The recent interest in using 18F-FDG PET in assessing disease activity and monitoring early response to therapy has made quantitative measurements much more important (9). PET semi-quantitative analysis includes target-to-background ratio (TBR), which evaluates the normalization of the arterial wall standard uptake values to the background activity of venous blood pool, hence providing a good reference for assessing vascular inflammation. Grading of arterial inflammation against the liver background is also an established method (6).

The most common parameter used to measure tracer accumulation in PET studies is the standardized uptake value (SUV). The SUV is a semi-quantitative measure of normalized radioactivity concentration in PET images. The standardized uptake value (SUV) is commonly used as a relative measure of 18F-FDG PET uptake to compensate for the amount of 18F-FDG injected and the weight of the patient. The use of SUVs as a measurement of relative tissue uptake facilitates comparisons between patients and has been suggested as a basis for diagnosis (10).

There are two common ways of reporting SUV: the mean SUV (SUVmean) or the maximum SUV (SUVmax) of all voxels within the region of interest (ROI). SUVmean incorporates information from multiple voxels, making it less sensitive to image noise. However, measured SUVmean will vary depending on which voxels are included in the average, so it is sensitive to ROI definition and is subject to intra- and interobserver variability (9). SUVmax has excellent reproducibility for solid structures such as the liver and oncologic masses (11). The SUVmax reproducibility in vascular structures is not widely studied. Likewise, the interobserver variability of quantitative SUV assessment in vascular structures, such as the aorta of patients with and without vasculitis, has not previously been studied in our region.

The objective of this study was to evaluate the interobserver variability of both qualitative visual grading of aortic 18F-FDG uptake (gold standard) and the quantitative aortic mean and maximum SUVs in 29 patients with mild to moderate COVID-19 infection and one control who underwent multimodality cardiac imaging within the Cardiovascular Mechanisms in COVID-19 (COSMIC-19) trial (12).

Materials and Methods

Study design

This is a sub-study of the COSMIC-19 trial (12), a single-centre exploratory observational study in patients with COVID-19 positive status on polymerase chain reaction testing receiving care at the Aga Khan University Hospital in Nairobi, Kenya. Consecutive patients presenting with acute COVID-19 were prospectively recruited during hospital admission in this cross-sectional study. A total of 64 patients were recruited, and only 33 met the inclusion criteria. Five control patients were recruited (Figure 1). Following informed consent, blood draws were taken for high-sensitivity cardiac troponin, N-terminal pro B-type natriuretic peptide and high-sensitivity C-reactive protein. Patients then underwent multimodality imaging: simultaneous CTCA and thoracic 18F-FDG PET/CT (GE Discovery MI series PET/CT scanner) within two weeks of presentation to maximise sensitivity of the scan, followed by CMR (Ingenia, Philips Healthcare, as described previously (CMR) (Complete protocol)) (13). The study measures the mean and maximum SUVs in five ROIs at each aortic segment: the ascending aorta (aa), arch of the aorta (arch) and the descending aorta (da).

gh-20-1-1433-g1.png
Figure 1

Recruitment of study patients and controls. Vascular 18-F FDG PET/CT was completed in 30 patients; 29 study patients and one control patient. The 30 complete data sets were eligible for inter-observer variability assessment.

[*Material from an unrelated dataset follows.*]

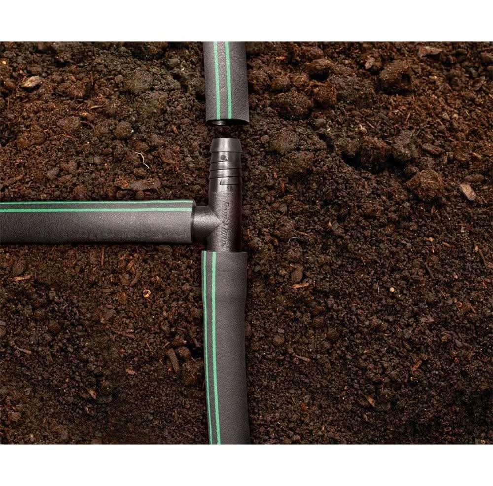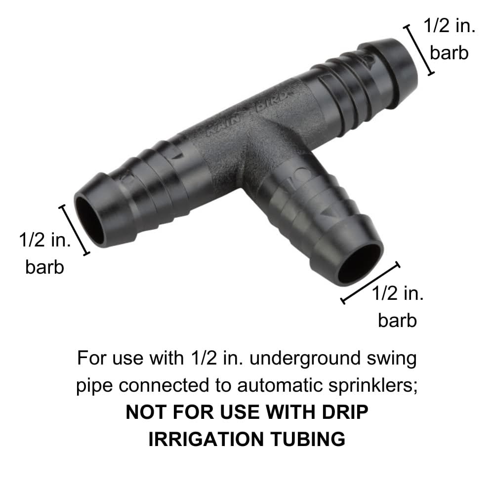 For use with underground sprinkler systems only and not for use with drip tubing. Allows easy parallel connection of sprinkler heads to main irrigation line. Tee coupling with three 1/2-in barbed ends. Extended barbs and aggressive design help prevent blowouts. Easy twist-in barb insertion. Water tight seal. Use with 1/2-in swing pipe to create adjustable fittings. Helps absorb shock from mowers and other traffic. 1/2-in barb x 3. Color: Black

Selection criteria for COSMIC-19 trial

Inclusion criteria captured patients diagnosed with COVID-19 aged over 18 years who tested positive on PCR testing, ideally within two weeks of a positive test. Patients were excluded based on the following conditions: (1) prior diagnosis of myocardial infarction, coronary revascularization or cardiac surgery; (2) requiring invasive or non-invasive ventilation; (3) inability to undergo CT or CMR scanning; (4) severe renal failure (estimated glomerular filtration rate < 30 mL/min); (5) major allergy to iodinated contrast media/gadolinium; (6) pregnancy or breastfeeding; (7) inability to give informed consent; (8) contraindication to imaging (e.g., metal fragments in the eye). Similarly, exclusion criteria applied to patients over the age of 18 years chosen as controls and testing negative for COVID-19 (13).

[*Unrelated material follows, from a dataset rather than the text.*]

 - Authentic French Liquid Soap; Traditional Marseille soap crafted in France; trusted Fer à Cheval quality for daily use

All the patients who underwent multimodality cardiac imaging were included in this sub-study. Participants underwent 18F-FDG PET imaging after a low-carbohydrate diet for 24 hours, followed by a 12-hour fast to suppress physiologic FDG uptake by normal myocytes (14). The PET imaging was performed 60 minutes after administration of 10 mCi of 18F-FDG using a 64-slice General Electric (GE) Discovery MI series PET/CT scanner. The carotid arteries were the superior aspect of the imaging, and the entire thoracic aorta and heart were covered using different bed positions. Corresponding low-dose CT images were obtained immediately after PET scan acquisition for correction and anatomical registration (13).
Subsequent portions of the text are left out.